● Exercise objective: Pictures are not repeated. Every line from the beginning of the entries through the one with "Set van 4x stuks" is restated exactly.

Extracted records

'''

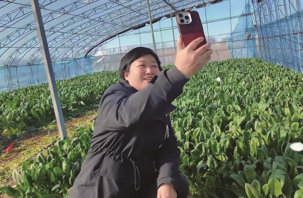 图为耿娟在蔬菜大棚里直播。 路南 供图
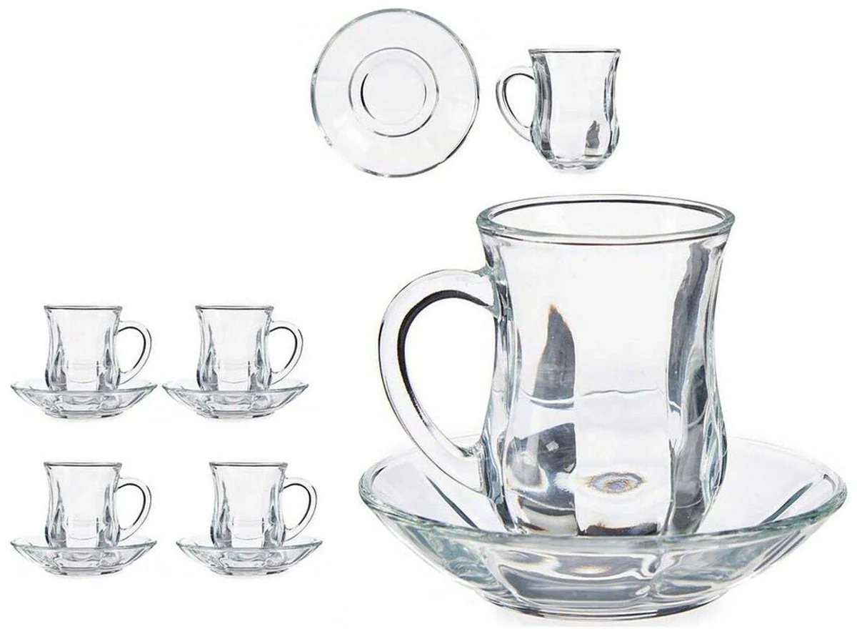 Set van 4x stuks Marokkaanse theeglazen inclusief schotel 125 ml. De glazen zijn perfect voor een heerlijke kopje thee, maar zijn ook geschikt voor koffie of andere warme dranken. Geschikt voor in de vaatwasser. Materiaal: glas. Afmeting per glas: ca. 9 x 6.5 x 8.5 cm.
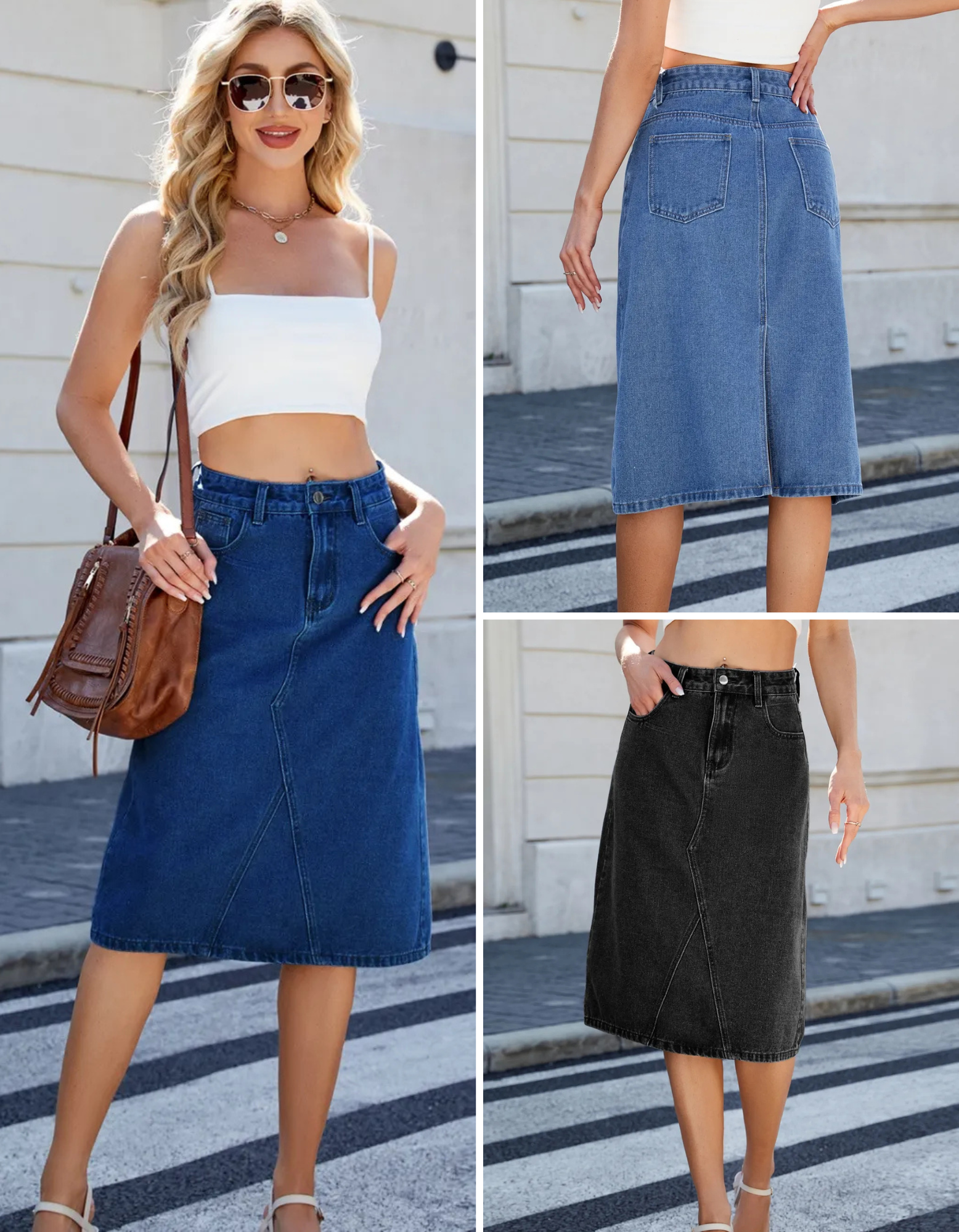 Women's Back Slit Midi Denim Skirt
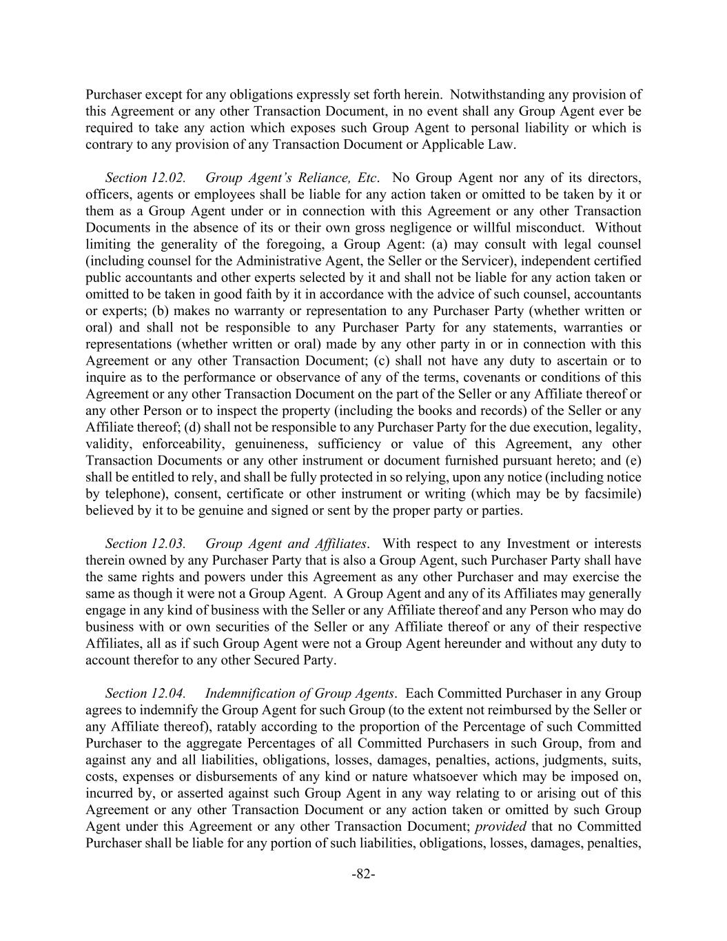 -82- Purchaser except for any obligations expressly set forth herein. Notwithstanding any provision of this Agreement or any other Transaction Document, in no event shall any Group Agent ever be required to take any action which exposes such Group Agent to personal liability or which is contrary to any provision of any Transaction Document or Applicable Law. Section 12.02. Group Agent’s Reliance, Etc. No Group Agent nor any of its directors, officers, agents or employees shall be liable for any action taken or omitted to be taken by it or them as a Group Agent under or in connection with this Agreement or any other Transaction Documents in the absence of its or their own gross negligence or willful misconduct. Without limiting the generality of the foregoing, a Group Agent: (a) may consult with legal counsel (including counsel for the Administrative Agent, the Seller or the Servicer), independent certified public accountants and other experts selected by it and shall not be liable for any action taken or omitted to be taken in good faith by it in accordance with the advice of such counsel, accountants or experts; (b) makes no warranty or representation to any Purchaser Party (whether written or oral) and shall not be responsible to any Purchaser Party for any statements, warranties or representations (whether written or oral) made by any other party in or in connection with this Agreement or any other Transaction Document; (c) shall not have any duty to ascertain or to inquire as to the performance or observance of any of the terms, covenants or conditions of this Agreement or any other Transaction Document on the part of the Seller or any Affiliate thereof or any other Person or to inspect the property (including the books and records) of the Seller or any Affiliate thereof; (d) shall not be responsible to any Purchaser Party for the due execution, legality, validity, enforceability, genuineness, sufficiency or value of this Agreement, any other Transaction Documents or any other instrument or document furnished pursuant hereto; and (e) shall be entitled to rely, and shall be fully protected in so relying, upon any notice (including notice by telephone), consent, certificate or other instrument or writing (which may be by facsimile) believed by it to be genuine and signed or sent by the proper party or parties. Section 12.03. Group Agent and Affiliates. With respect to any Investment or interests therein owned by any Purchaser Party that is also a Group Agent, such Purchaser Party shall have the same rights and powers under this Agreement as any other Purchaser and may exercise the same as though it were not a Group Agent. A Group Agent and any of its Affiliates may generally engage in any kind of business with the Seller or any Affiliate thereof and any Person who may do business with or own securities of the Seller or any Affiliate thereof or any of their respective Affiliates, all as if such Group Agent were not a Group Agent hereunder and without any duty to account therefor to any other Secured Party. Section 12.04. Indemnification of Group Agents. Each Committed Purchaser in any Group agrees to indemnify the Group Agent for such Group (to the extent not reimbursed by the Seller or any Affiliate thereof), ratably according to the proportion of the Percentage of such Committed Purchaser to the aggregate Percentages of all Committed Purchasers in such Group, from and against any and all liabilities, obligations, losses, damages, penalties, actions, judgments, suits, costs, expenses or disbursements of any kind or nature whatsoever which may be imposed on, incurred by, or asserted against such Group Agent in any way relating to or arising out of this Agreement or any other Transaction Document or any action taken or omitted by such Group Agent under this Agreement or any other Transaction Document; provided that no Committed Purchaser shall be liable for any portion of such liabilities, obligations, losses, damages, penalties,
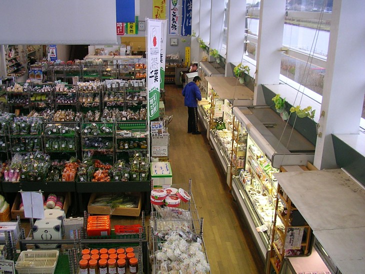 食事処に向う階段の踊り場から物販コーナーの全景を撮影。特に広くはないが商品の種類は豊富だ。
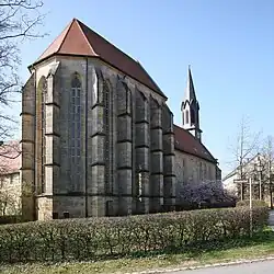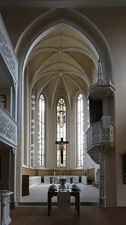 Der schlanke, polygonale Langchor hat drei Joche und schließt mit fünf Seiten des Achtecks. Ein Fensterbankgesims ist umlaufend. Die hohen, spitzbogigen Maßwerkfenster sind bis auf das dreibahnige, farbige Ostfenster, zweibahnig ausgeführt. Die Strebepfeiler zwischen Fenstern sind durch drei zusätzliche Gesimse und kleine Giebel sowie Fialen gegliedert. Vier Kreuzgewölbe mit Birnstabrippen überspannen den rund 18,5 Meter hohen, 9,4 Meter breiten und etwa 18 Meter langen Innenraum.[5] Die beiden ersten Schlusssteine der Gewölbe zeigen einen Christuskopf und ein Gotteslamm. Das zweigeschossige Dach mit jeweils zweifach stehendem Stuhl stammt wohl aus dem 14. Jahrhundert. In der Südseite steht ein Treppenturm, im halben Achteck hervortretend und mit einer Treppenspindel, der das Dachtragwerk erschließt. Der Turmzugang befindet sich in etwa drei Meter Höhe und wurde vermutlich über den nicht mehr vorhandenen Kreuzgang erschlossen.[1] Unter dem letzten Fenster der Nordseite ist eine Eingangstür vorhanden. Ein Giebel schließt die Westseite hoch über dem First des Langhauses ab. Darunter trennt ein tiefer, spitzbogiger Triumphbogen den Chor vom Langhaus.

'''

● Written reply:
 图为耿娟在蔬菜大棚里直播。 路南 供图
 Set van 4x stuks Marokkaanse theeglazen inclusief schotel 125 ml. De glazen zijn perfect voor een heerlijke kopje thee, maar zijn ook geschikt voor koffie of andere warme dranken. Geschikt voor in de vaatwasser. Materiaal: glas. Afmeting per glas: ca. 9 x 6.5 x 8.5 cm.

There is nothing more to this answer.